A hybrid ensemble feature selection method for identifying differential methylation sites. HyDML uses R to implement the feature selection, and through the hybrid ensemble framework, it can achieve robust differential methylation sites selection.
Download source code of HyDML by
https://github.com/TQBio/HyDML.git
1)Installation has been tested in Linux with R 3.4.4.

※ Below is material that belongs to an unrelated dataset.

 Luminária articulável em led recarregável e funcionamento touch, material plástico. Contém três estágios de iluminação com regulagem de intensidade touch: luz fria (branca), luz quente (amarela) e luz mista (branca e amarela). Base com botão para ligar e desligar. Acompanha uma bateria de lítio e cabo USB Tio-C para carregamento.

2)HyDMl uses the following dependencies: e1071; ecodist; glmnet; rmcfs; MDFS; sampling; pROC;
You can install these packages first, by the following commands:
install.packages("e1071")
install.packages("ecodist")
install.packages("glmnet")
install.packages("rmcfs")
install.packages("MDFS")
install.packages("sampling")
install.packages("pROC")
Analysis function.r --- Some processing and functional functions for analyzing the obtained differential methylation sites.
HyDML_Main.r --- The set of main functions for HyDML, including sampling, feature selection, etc.

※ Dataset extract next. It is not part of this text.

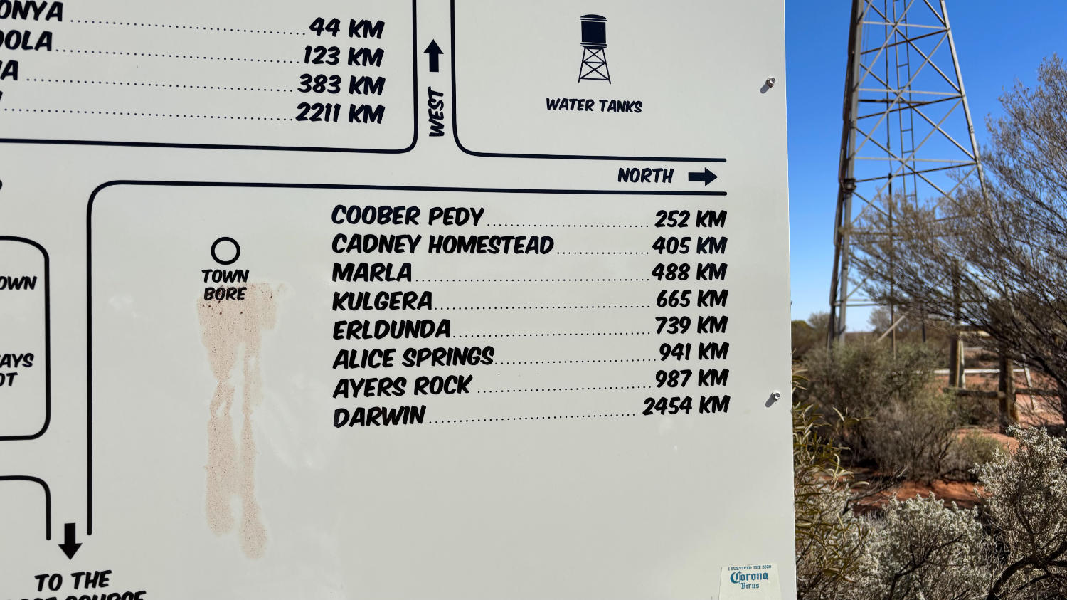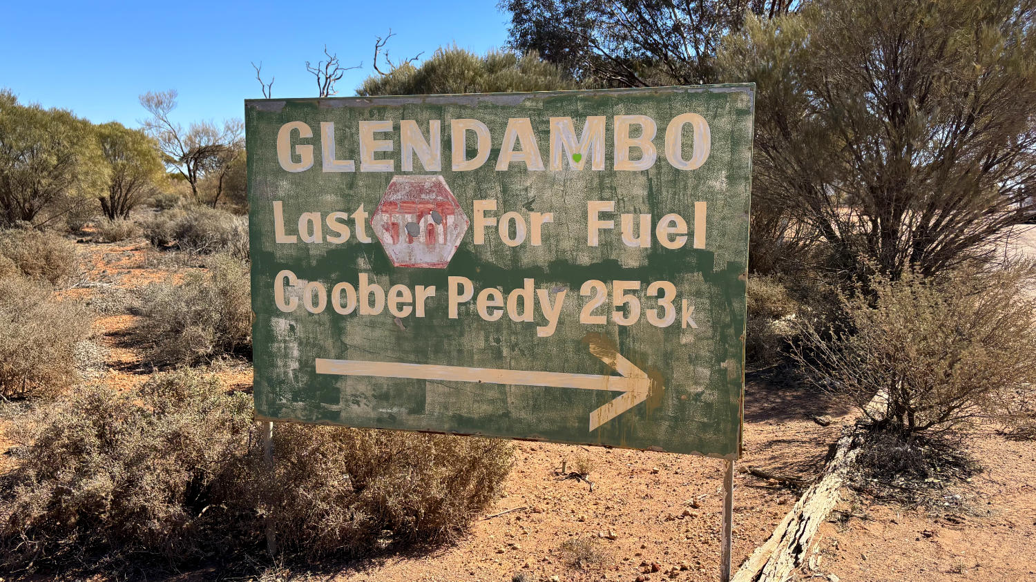 Man sollte bei einer Fahrt in die verlassene Landschaft des australischen Hinterlandes an jeder sich bietenden Möcglichkeit tanken, denn Tankstellen sind sehr rar. Vom Rastplatz Glendambo, wo wir tanken und unser Roadtrip-Frühstück zu uns nehmen, zur nächsten Tankstelle, sind es schlappe 253 Kilometer! 😳

HyDML_preprocess.r --- The preprocessing function for methylation data from TCGA.
HyDML_preprocess_demo.r --- A example pipeline for the preprocessing of methylation data from TCGA.
We also uploaded differential methylation sites selected for each cancer data set and published the data for follow-up studies.
Additionally, we uploaded the "SNP" file to address the DML which were marked as a SNP in annotation file and it's accessible under
"HyDML/Data/SNP/" file.
You can download the "easy version" of HyDML from HyDML_demo.r and download the data from "Data" file;
then you can implement the analysis of robust DML selection with R/RStudio.
You also could use HyDML for other feature selection domains with robustness problems, just make sure the input is a formal 'dataframe' style.